Comment 2•22 years ago
|
||
john, can you review this patch?
Comment 3•22 years ago
|
||
The patch is correct but the problem is that the function definition might be omitted. For gcc 3 and up there is the function attribute __attribute__ ((used)) which should be added to the definition to accomplish that. For other compilers it remains to be seem. It could very well be that at least gcc 2.96 removed the definition.
Yep, compiling with -O3 gives link errors but adding -fkeep-inline-functions fixes it. The big problem here is that gcc doesn't know we're calling functions from the asm so we have to jump through hoops to keep gcc from screwing up. Only the variable n needs to be preserved. I have a version that does this register void *esp __asm__ ("esp");//bind name to hardware reg void * volatile saved_esp = esp; __asm__ (...); esp = saved_esp; which works but I'm not sure some version of gcc won't mess with this.
Comment 5•22 years ago
|
||
Adding the asm is kind of silly. The asm cannot be optimized away and add code and cost while the whole patch is about performance tuning. I'd suggest making the improvement conditional on gcc 3.1 and up (gcc 3.1 introduce the 'used' attribute).

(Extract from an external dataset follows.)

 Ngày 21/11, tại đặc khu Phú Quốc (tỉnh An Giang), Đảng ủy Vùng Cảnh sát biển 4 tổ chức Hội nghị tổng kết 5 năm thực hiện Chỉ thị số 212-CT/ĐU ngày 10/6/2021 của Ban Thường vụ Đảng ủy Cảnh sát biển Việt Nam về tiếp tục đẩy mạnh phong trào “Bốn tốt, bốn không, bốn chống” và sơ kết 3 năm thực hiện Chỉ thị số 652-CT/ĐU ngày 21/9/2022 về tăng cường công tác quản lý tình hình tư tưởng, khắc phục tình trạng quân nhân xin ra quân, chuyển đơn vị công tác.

So you}d change the beginning of the invoke_copy_to_stack definition to static void #if __GNUC__ > 3 || (__GNUC__ == 3 && __GNUC_MINOR__ >= 1) __attribute__ ((used)) #endif invoke_copy_to_stack(PRUint32 paramCount, nsXPTCVariant* s, PRUint32* d) { The patch (the asm stuff) then also has to use the same #if expression.

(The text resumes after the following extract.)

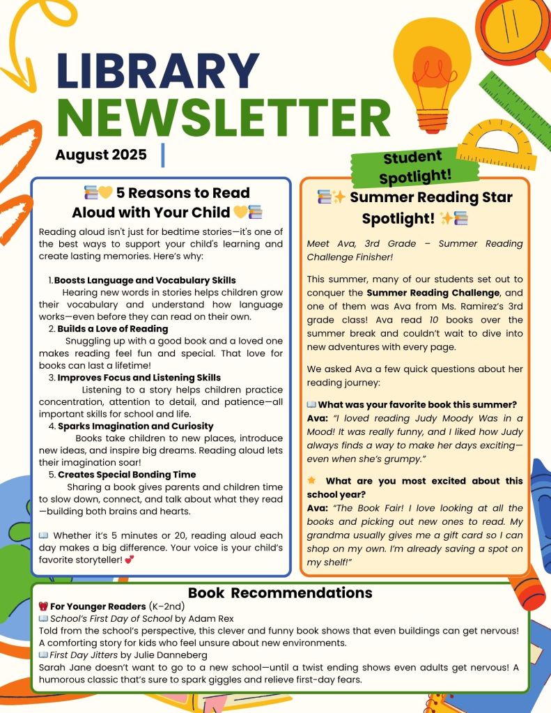 - For a student highlight: “Write a short feature for a school newsletter about a fictional student who completed the Summer Reading Challenge with short interview about their favorite book and what they are most looking forward to this year (book fair).”
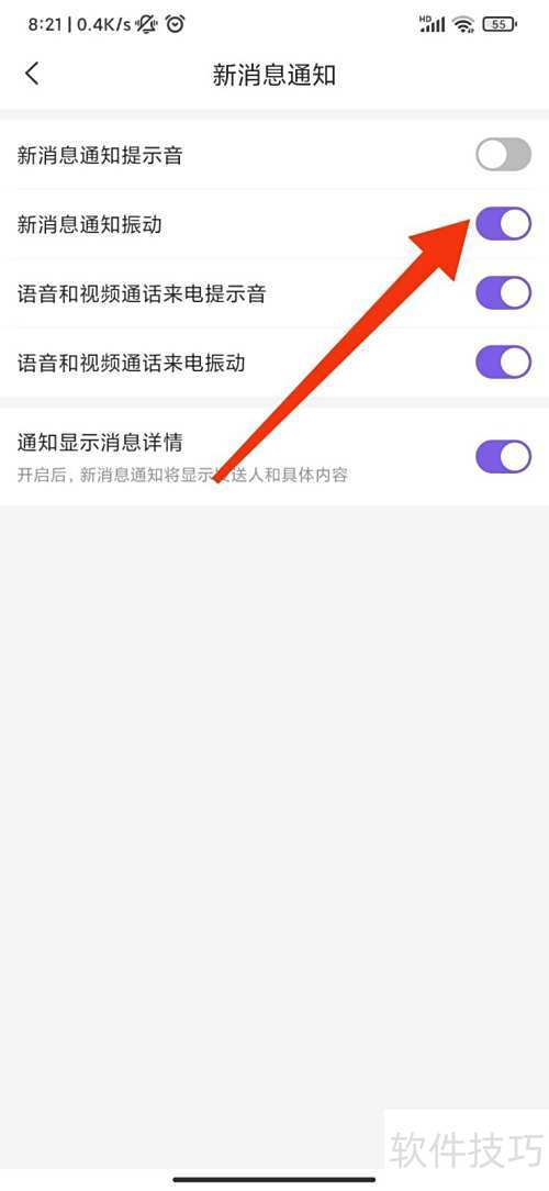 4、 开启新消息通知震动功能。

I was unclear. I meant in XPTC_InvokeByIndex not in invoke_copy_to_stack.
Not surprisingly, rewriting XPTC_InvokeByIndex entirely in assembler produces even more improvement. In this patch the current assemble code is reused with just some minor editing. Only the function prologue and epilogue are new. It's untested in a real mozilla but it compiles and works correctly in my test rig.
Comment 8•22 years ago
|
||
The patch looks OK. In fact: it fixes one major problem. Don't know why I haven't seen it before. The current code is not signal-safe. It uses memory below the stack pointer which is an absolute no-no. Especially with the current libpthread implementation on Linux which creates a awfull lot of signals. What the patch still doesn't handle is in inlining problem. The #if for the ATTRIBUTE_USED definition should use the expressions I mentioned last time: __GNUC__ > 3 || (__GNUC__ == 3 && __GNUC_MINOR__ >= 1) But this still leaves gcc 3.0 and gcc 2.xx. If using special parameter is an option do thiat. Otherwise create and non-static function which is never used and which calls this function. Such as in: #if __GNUC__ && (__GNUC__ < 3 || (__GNUC__ == 3 && __GNUC_MINOR__ = 0)) void XPTC_NeverCalledPleaseIgnore (void) { (void) invoke_copy_to_stack (0, 0, 0); } #endif Depending on how the Makefiles are sructured this might be preferrable. Back to the code. While it's correct there are still some improvements possible: - as correctly noted, the PIC register loading isn't necessary. The function doesn't use global variable nor does it call non-static functions. This, on x86, removes the requirement for a correctly set up %ebx I would strongly recommend to add a comment explaining this, though. - since %ebx is not modified it is not necessary to preserve its value. Therefore the "pushl %ebx" in the prolog and the matching "popl %ebx" in the epilogue are not needed. - as for the size computation, there is no need to define a symbol. Replace the lines of the .Lmozilla2 definition and the .size line with .size XPTC_InvokeByIndex, . - XPTC_InvokeByIndex You've almost used the '.' address operator already. The rest looks good and because of the major bug this patch fixes it should go in before 1.0.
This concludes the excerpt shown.